Would you believe that the third time is a charm. I've added support for multiple parameters, primitives and just generally cleaned things up. Probably be where I leave it for awhile.
Just a quick note about some quirks. First, the way the primitives are handled is that they are boxed into their object cousins. This works fine except you may run into situations where you have two methods that have the same perceived signature even though one is declared with a primitive and the other with an Object the corresponds to that primitive. The dispatcher masks any possible difference between the two. These two methods would be considered identical by the dispatch (Both will look like they take an integer object):
void aMethod(int aPrimitive) true
void aMethod(Integer anObject) true
Personally, I think of this as a feature since I don't necessarily like the differentiation between primitives and objects. Additionally, I don't think it would be a good programming practice to have these methods actually do something distinct - they should be identical except for the fact that one uses the primitive operations and the other uses the object operations. Should mean that all things being ideal, which method is chosen in this scenario is irrelevant.
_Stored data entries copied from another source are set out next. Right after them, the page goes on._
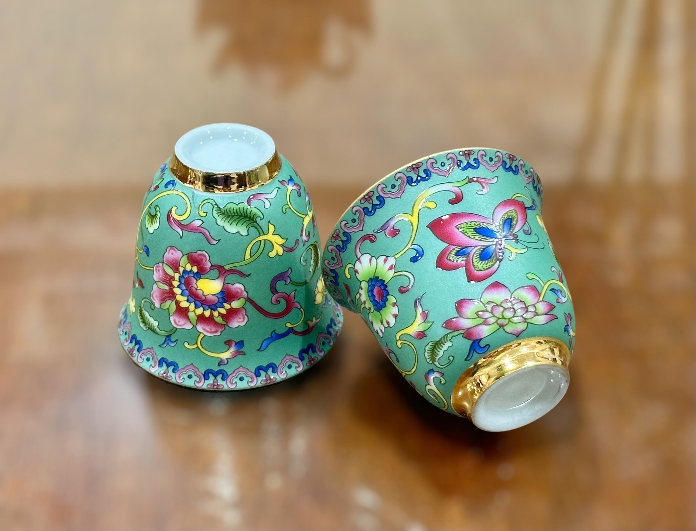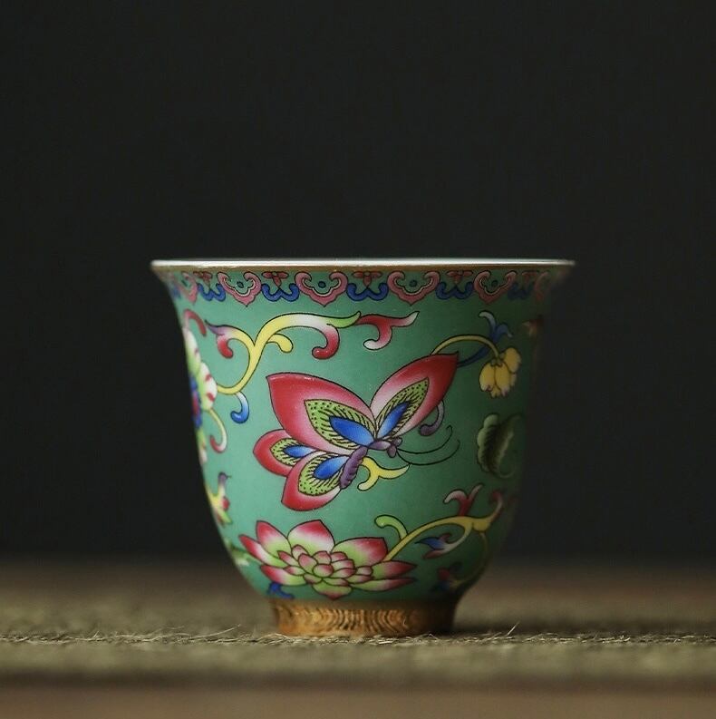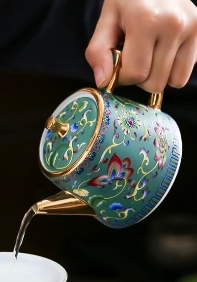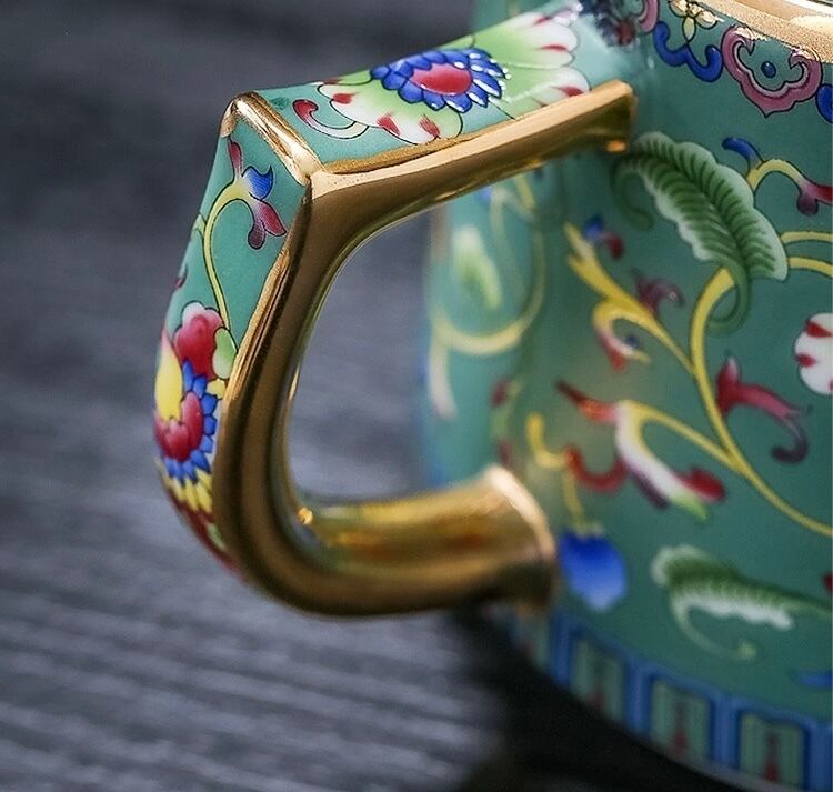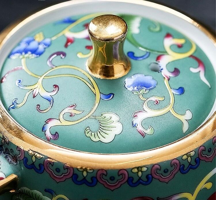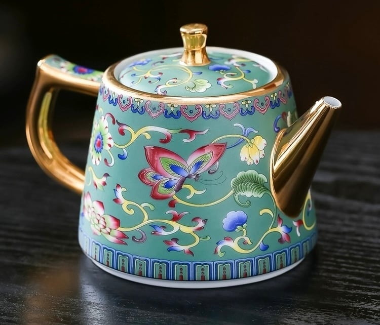 宮廷風の縁起の良い蓮花の細かなデザインと蝶々が茶器全体に施された一品。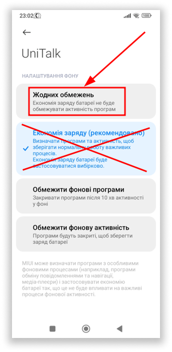 Окрім того, для забезпечення безперебійної роботи додатка у фоновому режимі необхідно скасувати системні обмеження його роботи: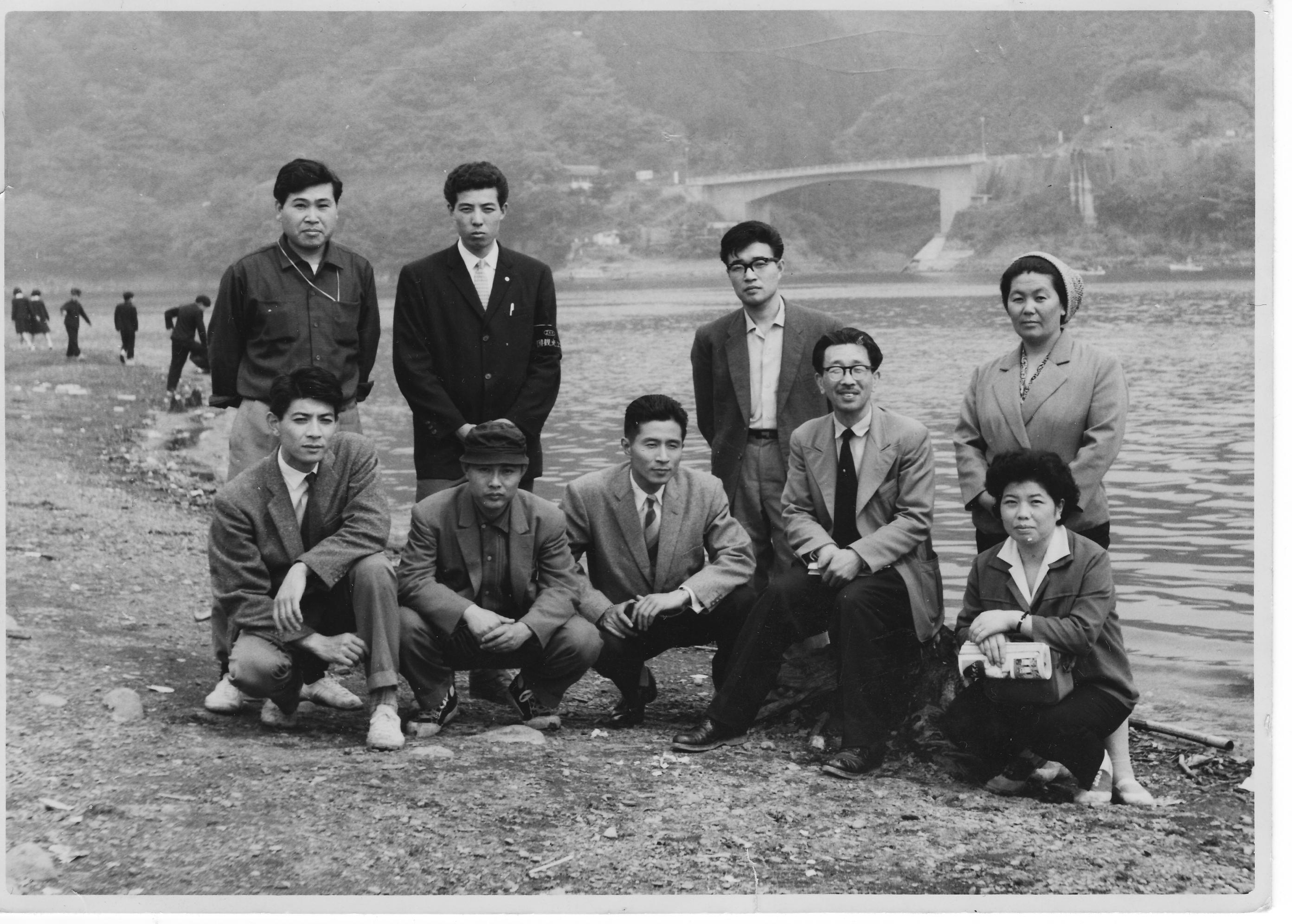 I was a LOM(just Looking and Listening Only Member) thinking around fifty years.                現れた写真。何人かが持っている模様。「修学旅行、先生と添乗員」という題か。(白須さん提供)
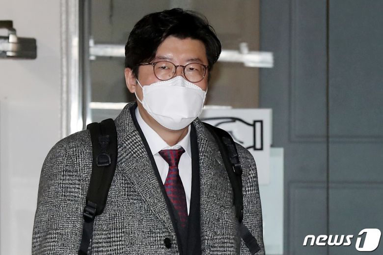 김학의 전 법무부 차관 불법 출국금지에 관여한 혐의로 기소된 이규원 대전지검 부부장검사가 21일 오전 서울 서초구 서울중앙지법에서 열린 속행공판을 마친 뒤 법원을 나서고 있다. 2022.1.21/뉴스1 ⓒ News1 민경석 기자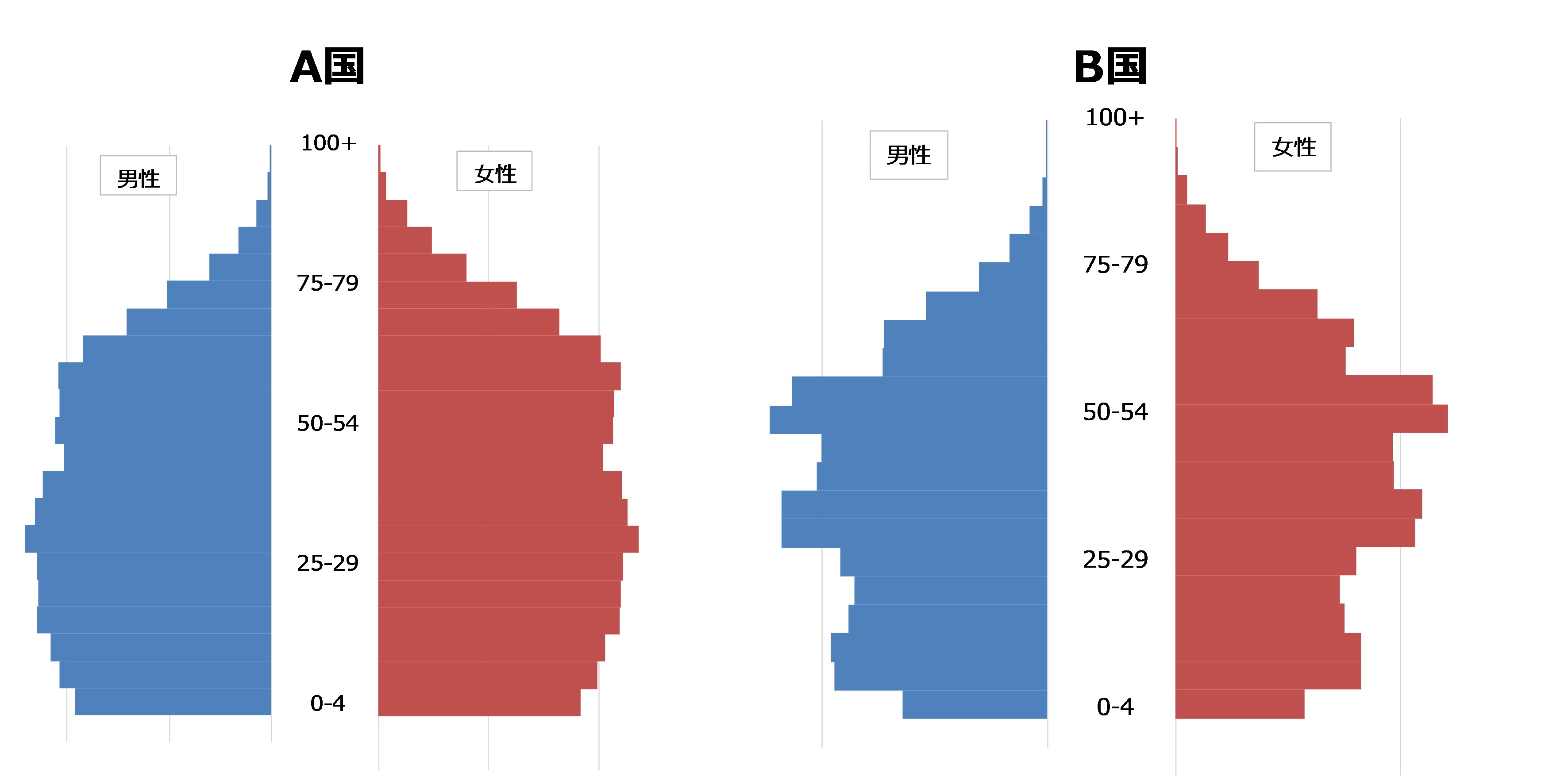 こちらは2023年の人口データから作成したA国とB国の人口ピラミッドです。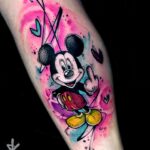 Tetování postavička Mickey Mouse z filmů a pohádek na lýtko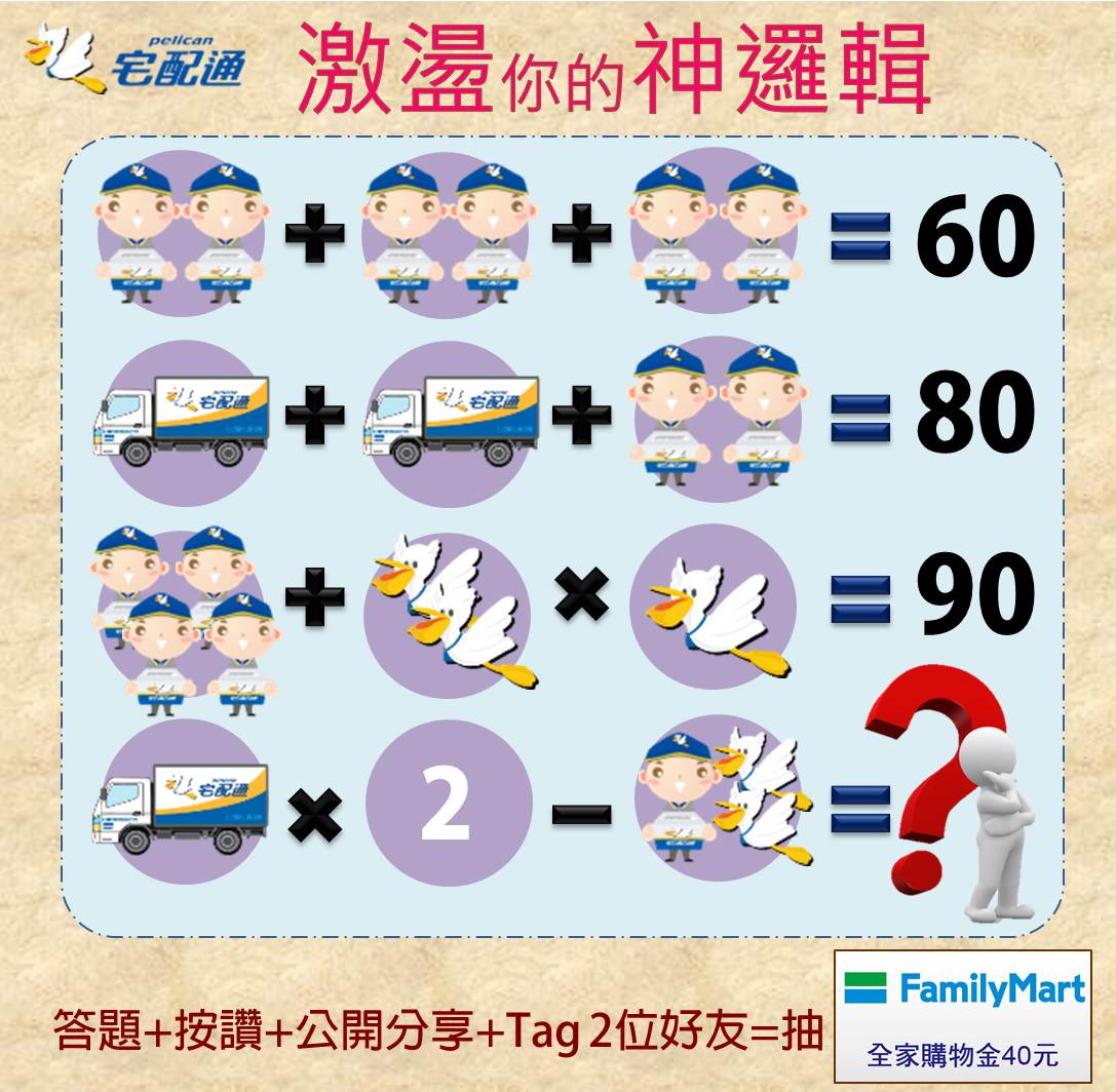 1.未至本活動網站回答者及答案不正確者、尚未於宅配通粉絲團貼文按讚及公開分享者,皆喪失抽獎資格。需全數符合者,方有獲獎之資格。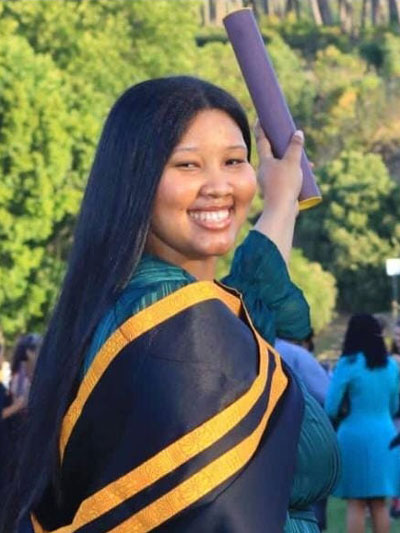 She holds a Bachelor of Arts (awarded on the Dean’s Merit List) and a BA Honours in African Languages and Literature (Cum Laude) both from UCT. Silulundi has received several accolades, including the UCT Plus Silver Award (2024) and Gold Award (2023) for her peer leadership and mentoring contributions in the Humanities Undergraduate Mentoring Programme and UCT Mandisa programme. She is also a recipient of the Harry Crossley Scholarship.
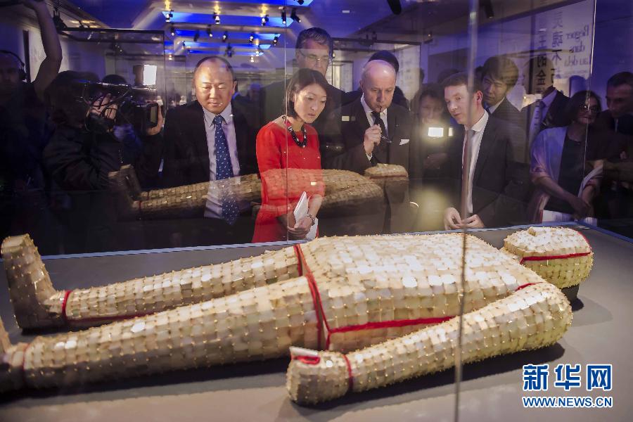 10月21日,在法国巴黎,法国外交部长法比尤斯(前排左四)与法国文化部长佩尔兰(前排左三)等参观文物展。当日,为纪念中法建交50周年,“汉风——中国汉代文物展”在巴黎吉美亚洲博物馆开幕。展览选取来自河北、河南、山东、江苏、湖南、陕西等27家文物单位的153组、459件展品。展览分为形韵之美、诸侯遗珍、农经为本等7大部分。新华社记者陈晓伟摄

Beyond that, I didn't test whether more than one maximally specific method is supported. I just go through and find one that is most specific (on a left to right basis). This is not necessarily the technique used by the Java compiler. It also doesn't flag a runtime error when the Java compiler would normally indicate that selecting the method is indecisive.
My thinking here is that the overhead added to check for variations is more than it's worth at this time. Covariance using this technique has a lot of loss ends anyhow, so this is just one more thing to take into consideration.
Among other things, I also didn't worry about the (a) handling of exceptions; (b) possible accessibility mismatches; and (c) invariant overriding.